There are other reform plans on the table, deemed to be crucial for EU cohesion, including the thorny topic of tax harmonisation which concerns all 28 EU members.

The debate focuses on corporate tax at a time when economists and politicians became increasingly aware of the devastating effect of fiscal competition in a union where capital, goods and people move around freely.

Between 1995 and 2016 the average basic tax rate on companies in the EU fell by 14 points, or 33 percent, according to a study by L'Observatoire des politiques economiques en Europe at the University of Strasbourg.

Especially in the crosshairs are the four American digital giants Google, Apple, Facebook and Amazon.

These behemoths have concentrated their results accounting in subsidiaries based in low-tax countries like Ireland and Luxembourg, although the bulk of their sales are generated in other EU countries.

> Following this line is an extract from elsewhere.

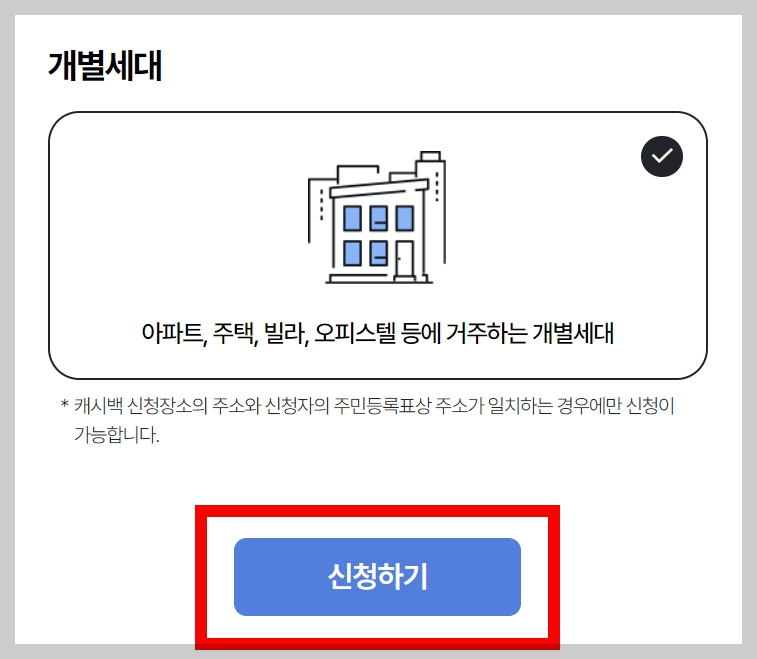 에너지캐시백 신청할 고객번호를 확인하기 위해 "주민등록 주소 확인" 버튼을 눌러 신청인의 주소를 입력합니다.

According to the EU Commission, they have managed to bring their real tax rate to nine percent on average, compared to more than 20 percent usually applied to companies.

The impact of tax competition is also making itself felt in the bricks-and-mortar economy, as shown by an investigation launched in December by Brussels into Ikea's tax regime.

The Commission said it was taking a closer look at the ways Ikea allegedly used a Dutch subsidiary to slash its tax bill on revenue from megastores around the world.

Coffee chain Starbucks and automaker Fiat have also been probed in the Netherlands and Luxembourg, respectively.

In October 2016, the Commission relaunched a project aimed at finding common rules for profit calculation.

The system, which would be mandatory for companies with sales over 750 million euros ($890 million), would still allow governments to fix their own tax rate, but all EU members would agree on harmonised accounting rules for earnings.

There would be a single jurisdiction for tax payments, and revenue would then be divided up between member states according to a company's sales in each country, rather than according to profits booked at subsidiaries.

The project has yet to be approved by member countries and the European Parliament, but observers already foresee a rocky ride, as all tax decisions require unanimous approval by all 28 member states.